Mahkamah Konstisusi: UU Advokat Bertentangan dengan UUD 1945
Senin, 13 Desember 2004 | 15:47 WIB
TEMPO Interaktif, Jakarta:Mahkamah Konstitusi memutuskan Pasal 31 UU Nomor 18/2003 tentang Advokat tidak memiliki kekuatan hukum tetap dan bertentangan dengan Pasal 1 (3) dan Pasal 28F Undang-undang Dasar 1945. "Terhadap putusan itu, tiga hakim berpendapat berbeda," kata Ketua Mahkamah Konstitusi Jimly Assiddiqie ketika membacakan putusan gugatan tiga dosen dari Universitas Muhammadiyah Malang (UMM), di Jakarta, Senin (13/12).
Pasal 1(3) konstitusi berbunyi: negara Indonesia adalah negara hukum. Adapun Pasal 28F UUD menyatakan : setiap orang berhak untuk berkomunikasi dan memperoleh informasi untuk mengembangkan pribadi dan lingkungan sosialnya, serta berhak untuk mencari, memperoleh, memiliki, menyimpan, mengolah, dan menyampaikan informasi dengan menggunakan segalajenis saluran yang tersedia.
Sedangkan Pasal 31 UU Advokad menyebutkan bahwa hukuman penjara lima tahun dan denda paling banyak Rp 50 juta bagi advokat atau menjalankan pekerjaan seolah-olah advokat yang tidak memenuhi ketentuan UU.

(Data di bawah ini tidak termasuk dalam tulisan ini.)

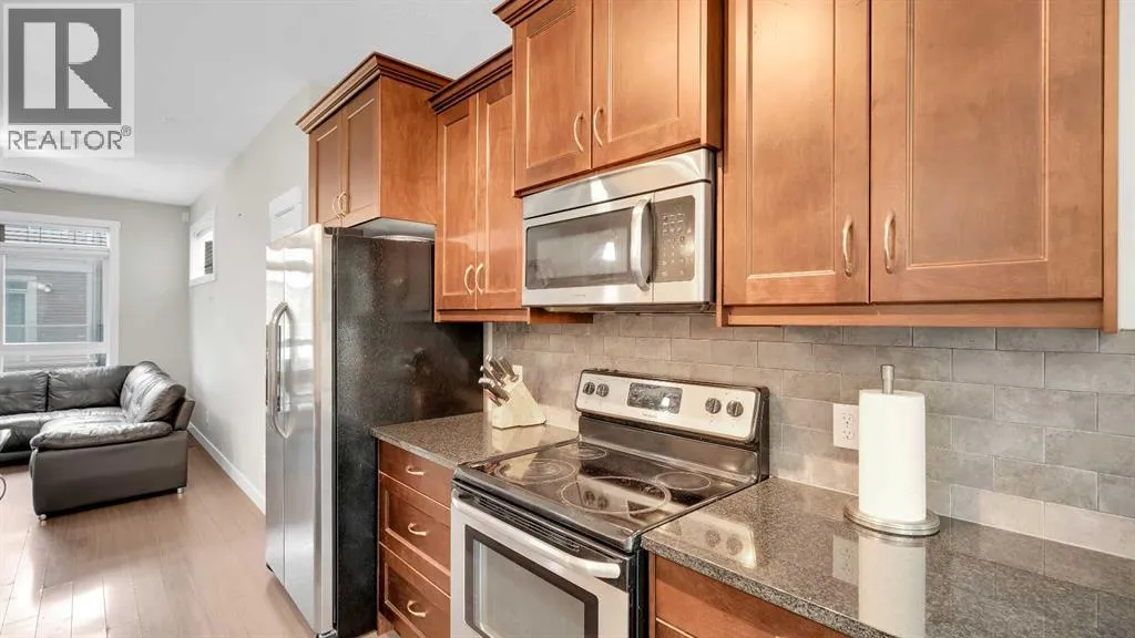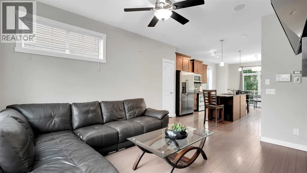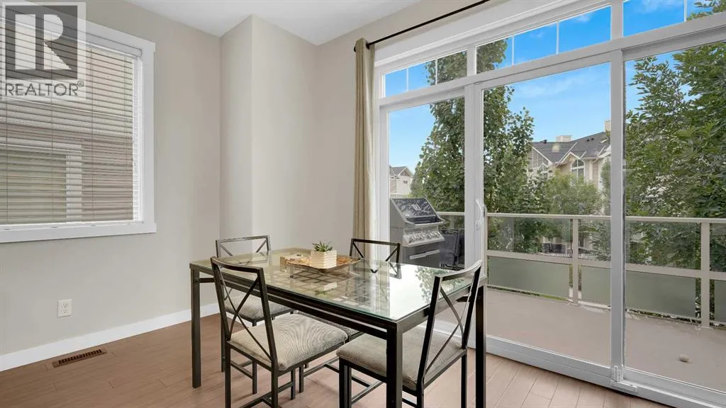 Welcome to Your New Home in Skyview Ranch â Where Comfort Meets Convenience. Nestled in the family-friendly community of Skyview Ranch, this upgraded corner unit isnât just a house; itâs a lifestyle choice! Think of it as the Swiss Army knife of living spacesâversatile, stylish, and sure to impress your in-laws. Step inside to a tastefully decorated open-concept layout on the second floor, filled with natural light and laminate flooring that keeps your family game nights from turning into slip-and-slide competitions. Cozy up to the natural gas fireplace, surrounded by built-in shelving for your collection of questionable figurines. The kitchen is a culinary dream! With stainless steel appliances, a microwave hood fan, and an oversized breakfast bar, youâll be whipping up gourmet meals that even Gordon Ramsay would admire. And for the grill masters, the large south-facing deck, overlooking the playground, is your new BBQ paradise with a natural gas hookup. On the third floor, the master bedroom is a serene sanctuary with a 5-piece ensuite and his and her closets (because sharing isnât always caring). Plus, thereâs a convenient laundry room to avoid those dreaded laundry-hauling trips. With a second bedroom, an office space, and a 2-piece bathroom, this unit truly has it all! Skyview Ranch Gardens is close to major highways and within walking distance to transit, cafes, restaurants, parks, schools, and shopping. Why wait? Embrace the chance to call this charming corner unit your home, where comfort meets convenience, and laughter is always welcome! (id:27476)

Dosen Fakultas Hukum UMM Tongat, Sumali, dan A Fuad atas nama Rektor UMM Muhadjir Effendy beranggapan pasal itu diskriminatif dan tidak adil. Keberadaan pasal ini berakibat Laboratorium Konsultasi dan Pelayanan Hukum UMM tidak bisa beraktivitas di bidang pelayanan masyarakat.

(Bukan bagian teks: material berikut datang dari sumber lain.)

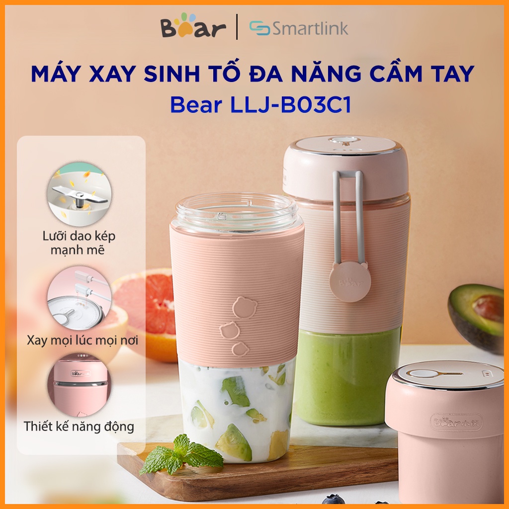Giới thiệu [Mã ELHA22 giảm 6% đơn 300K] Máy Xay SInh Tố Cầm Tay Mini Bear LLJ-B03C1- Bảo hành 18 Tháng

Dalam putusannya, Mahkamah Konstitusi beranggapan, pihak diluar advokad dapat menjalankan provesi advokasi selama belum ada aturan dalam hukum acara. "Hukum acara yang berlaku belum mewajibkan pihak berperkara tanpil menggunakan pengacara," kata Hakim Konstitusi I Dewa Gede Palguna saat membacakan pokok perkara gugatan.

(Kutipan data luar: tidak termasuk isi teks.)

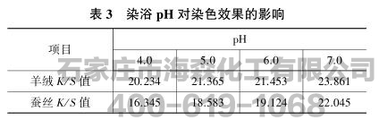 由表3可以知道,在试验中随着染浴pH的增大,羊绒和蚕丝的表面色深值都有所增加。其主要原因是pH增大对蚕丝纤维溶胀有积极作用,所以对提高蚕丝的上染率很有效果,但是pH增高对羊绒纤维会造成损伤。通过对数据的分析,确定最佳的染浴pH为7.0。
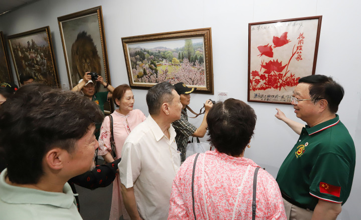 2023年7月23日,北京,志愿军第二任司令员兼政治委员邓华之子、志愿军研究会会长邓穗在展览现场向观众介绍在上甘岭战役中牺牲的志愿军烈士陈希誏的遗作《花前蝶双飞》。据CFP。

Selain itu, katanya, pelaksanaan dari pasal itu, dapat melahirkan tafsiran lebih luas dari maksud UU. Dengan begitu, tafsiran itu dapat menimbulkan ketidakpastian hukum dan ketidakadilan. "Ini bisa menghambat masyarakat yang tidak bisa menggunakan jasa advokat," katanya.
Dengan putusan ini, maka Pasal 31 UU No 18/2003 ini tidak berlaku. Dalam pengambilan putusan ini, tiga hakim konstitusi Laica Marzuki, Natabaya, dan Achmad Roetandi memiliki pendapat berbeda. Ketiganya berpendapat, manakala seseorang sengaja menjalankan profesi advokat dan bertindak seolah advokat tetapi bukan berprofesi itu maka pasal itu merupakan sanksi yang ditujukan bagi mereka di luar advokat. Pasal itu juga dimaksudkan untuk melindungi profesi advokat yang juga melindungi masyarakat akibat ulah orang yang mengaku advokat. "Kerugian masyarakat akibat mereka ini dapat berdampak lebih luas dan besar dibanding penipuan biasa," kata Palguna saat membacakan dissenting opinion (beda pendapat).